Would you transcribe the entries below word for word, omitting all images?
——
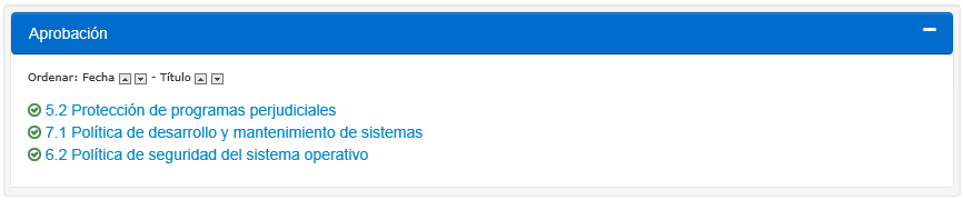 3.Ver los íconos al lado de cada nombre de política. Un check de color verde significa que la política ha sido aprobada por todos los aprobadores. Una “x” roja significa que la política no ha sido aprobada por todos. Un cuadro en blanco significa que no todos los aprobadores han proveído su decisión. Si la aplicación está configurada para no permitir publicación si la política no ha sido aprobada, el dueño es el responsable de resolver cualquier pendiente en el documento con los aprobadores.
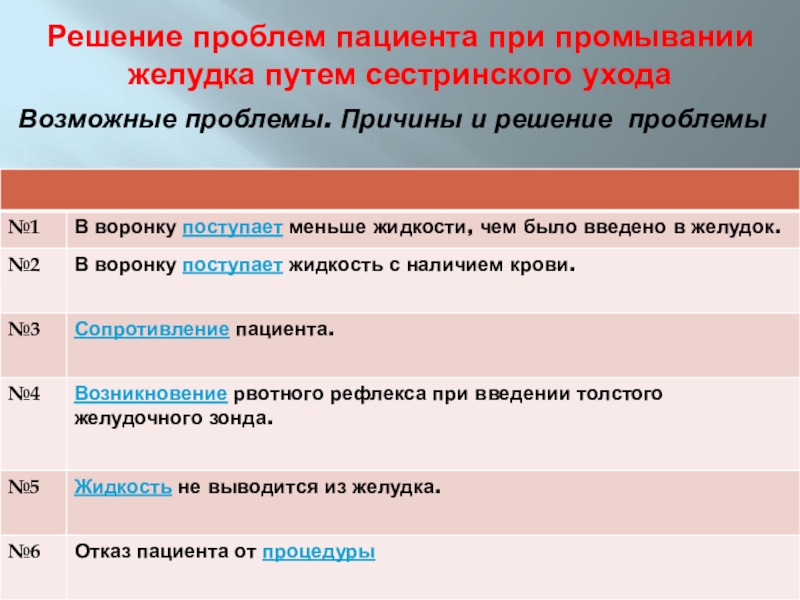Слайд 18Решение проблем пациента при промывании желудка путем сестринского ухода
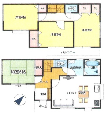 | 間取詳細 | (1F)LDK11.75、(1F)和6.0、(2F)洋6.0、(2F)洋6.0、(2F)洋6.0 |
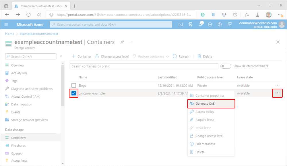 Wählen Sie die Schaltfläche "Mehr " (...) des Containers und dann "SAS generieren " aus, um den Bereich "SAS generieren " anzuzeigen.
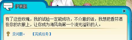 与神玛岛的通航指日可待,为了能更好的和神玛岛居民建立友好关系,镇长决定在起航前准备一份厚礼送给神玛岛居民。这份礼物将由全海风岛居民一起努力收集成,这份礼物就是2012瓶 玫瑰精华。玫瑰精华是七彩玫瑰的结晶,据说在神玛岛,是制作各种香水的必备材料,据说只有精心照顾的七彩玫瑰才会产出,神玛岛居民对这样一份礼物非常喜 欢,表示将会在收到礼物之后把制作神奇香水的秘方教给海风岛的居民,还表示,对送出玫瑰精华最多的海风岛居民将会赠与特殊的头衔奖励。
——
Result of this task:
 3.Ver los íconos al lado de cada nombre de política. Un check de color verde significa que la política ha sido aprobada por todos los aprobadores. Una “x” roja significa que la política no ha sido aprobada por todos. Un cuadro en blanco significa que no todos los aprobadores han proveído su decisión. Si la aplicación está configurada para no permitir publicación si la política no ha sido aprobada, el dueño es el responsable de resolver cualquier pendiente en el documento con los aprobadores.
Слайд 18Решение проблем пациента при промывании желудка путем сестринского ухода
 | 間取詳細 | (1F)LDK11.75、(1F)和6.0、(2F)洋6.0、(2F)洋6.0、(2F)洋6.0 |
 Wählen Sie die Schaltfläche "Mehr " (...) des Containers und dann "SAS generieren " aus, um den Bereich "SAS generieren " anzuzeigen.
 与神玛岛的通航指日可待,为了能更好的和神玛岛居民建立友好关系,镇长决定在起航前准备一份厚礼送给神玛岛居民。这份礼物将由全海风岛居民一起努力收集成,这份礼物就是2012瓶 玫瑰精华。玫瑰精华是七彩玫瑰的结晶,据说在神玛岛,是制作各种香水的必备材料,据说只有精心照顾的七彩玫瑰才会产出,神玛岛居民对这样一份礼物非常喜 欢,表示将会在收到礼物之后把制作神奇香水的秘方教给海风岛的居民,还表示,对送出玫瑰精华最多的海风岛居民将会赠与特殊的头衔奖励。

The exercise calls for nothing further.